65
Het nummer van Stark was bezet, dus belde Jan meteen met het politiebureau van Fahlenberg. Hij had het nummer van de centrale niet in zijn telefoon gezet en moest het met de hand intikken. Nadat hij bijna tegen een afslaande Ford op was gebotst, kreeg hij eindelijk het bureau aan de lijn.
‘Jan Forstner! Ik moet nu hoofdcommissaris Stark hebben!’
Jan rukte aan het stuur en schoot twee jongeren voorbij die met hun scooters bijna de hele rijbaan in beslag namen. Vlak voor de tegemoetkomende Mercedes, die nerveus een lichtsignaal gaf, schoot hij weer naar rechts.
‘Het spijt me,’ dreunde de stem van een agent uit het mobieltje, ‘de hoofdcommissaris is op weg naar een oproep. Kan ik u helpen?’

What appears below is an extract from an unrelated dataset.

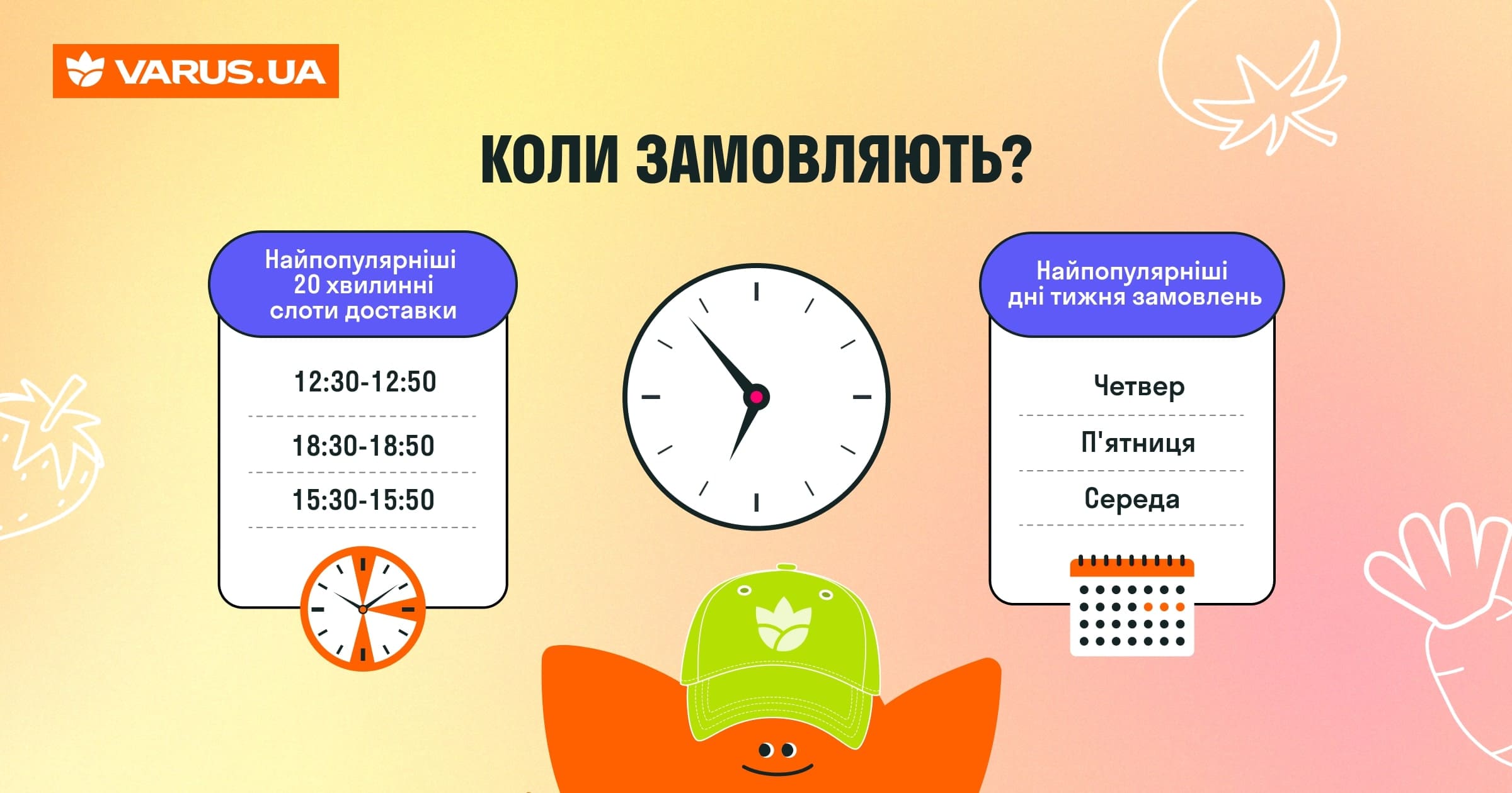 Если говорить о времени доставки, можно проследить определенную тенденцию. Чтобы точно спланировать встречу с курьером, следует выбрать удобный 20-минутный интервал доставки. «Золотыми» в графике доставки являются такие 20 минутные слоты.

Bijna te laat zag Jan de file voor zich en trapte op de rem. Een paar centimeter achter een bestelauto kwam hij tot stilstand. Dat was op het nippertje.
‘Wat voor actie?’
‘Dokter Forstner, ik moet de lijn vrijhouden,’ viel de agent ongeduldig uit. ‘Waar gaat het over?’
Jan wilde juist antwoorden, toen hij de rookpluim naast de kerktoren zag. Ergens in de buurt hoorde hij het gehuil van brandweersirenes. Hij begreep meteen waarom het verkeer vaststond.